Collected material START

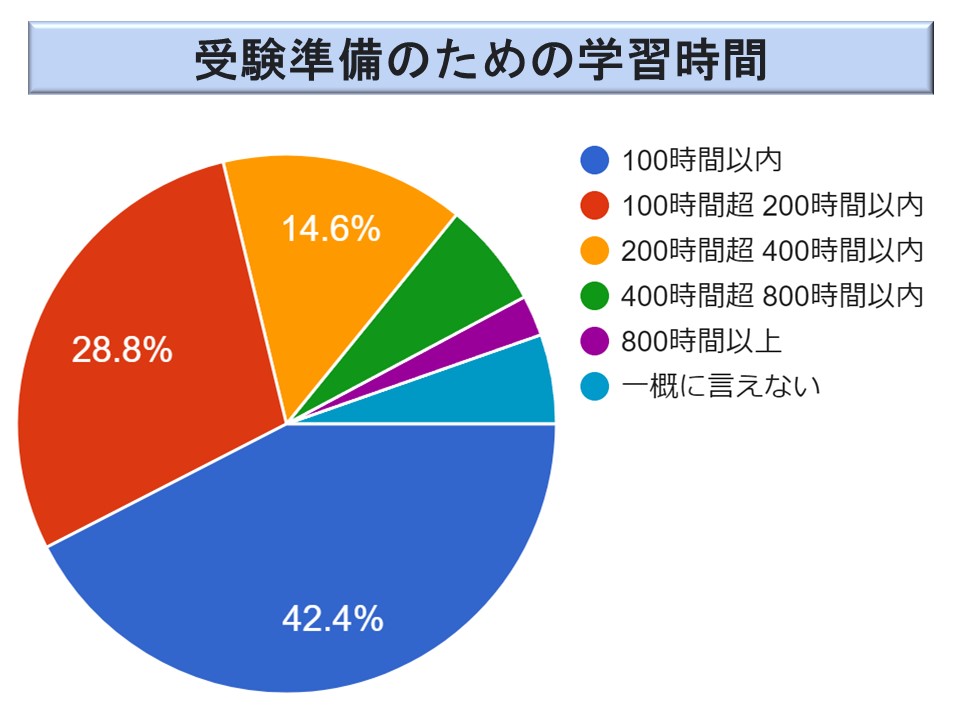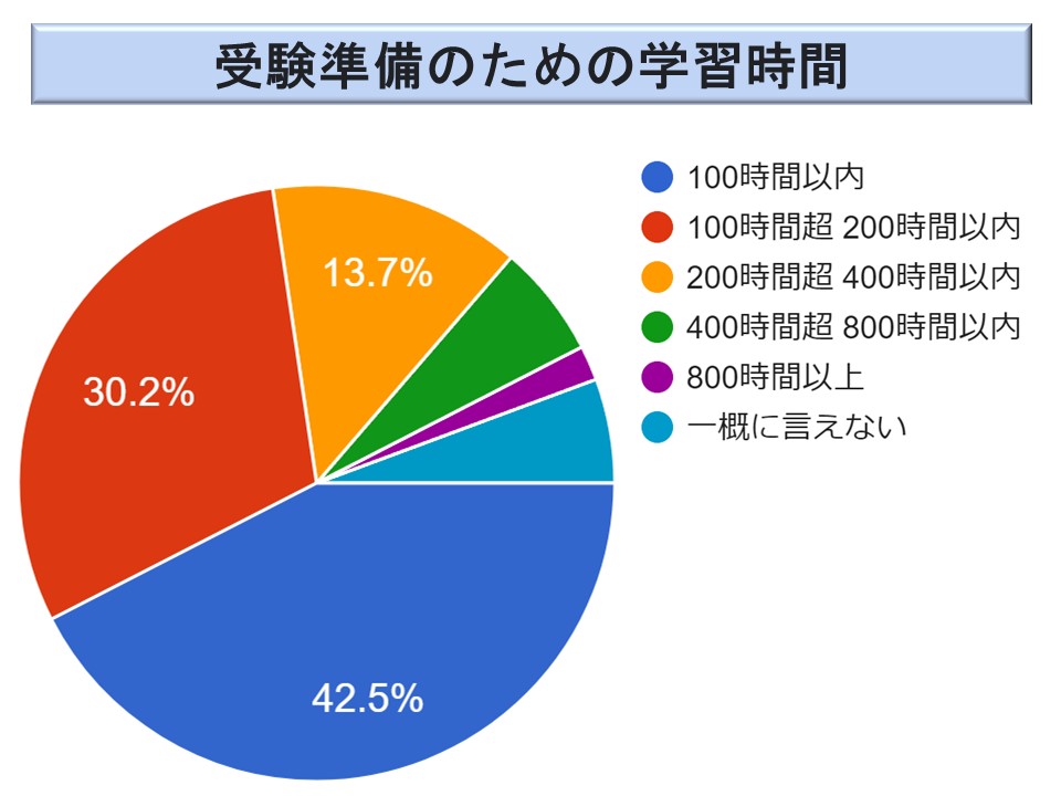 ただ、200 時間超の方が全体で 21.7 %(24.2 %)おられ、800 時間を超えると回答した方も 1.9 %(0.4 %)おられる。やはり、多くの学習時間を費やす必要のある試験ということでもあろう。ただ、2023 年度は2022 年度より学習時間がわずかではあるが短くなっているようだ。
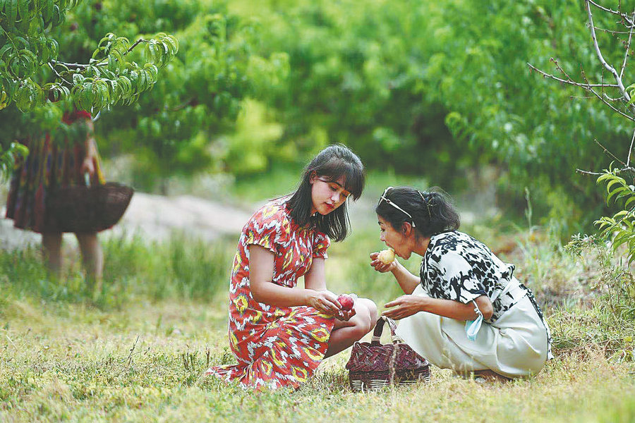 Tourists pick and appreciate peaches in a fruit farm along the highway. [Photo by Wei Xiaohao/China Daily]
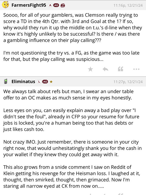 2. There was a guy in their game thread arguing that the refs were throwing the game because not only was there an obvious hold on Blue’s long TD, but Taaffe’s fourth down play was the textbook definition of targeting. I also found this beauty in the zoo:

Collected material END

■ **The problem**: Give every line above again exactly, with no pictures.

■ **Solution to this problem**:
 ただ、200 時間超の方が全体で 21.7 %(24.2 %)おられ、800 時間を超えると回答した方も 1.9 %(0.4 %)おられる。やはり、多くの学習時間を費やす必要のある試験ということでもあろう。ただ、2023 年度は2022 年度より学習時間がわずかではあるが短くなっているようだ。
 Tourists pick and appreciate peaches in a fruit farm along the highway. [Photo by Wei Xiaohao/China Daily]
 2. There was a guy in their game thread arguing that the refs were throwing the game because not only was there an obvious hold on Blue’s long TD, but Taaffe’s fourth down play was the textbook definition of targeting. I also found this beauty in the zoo:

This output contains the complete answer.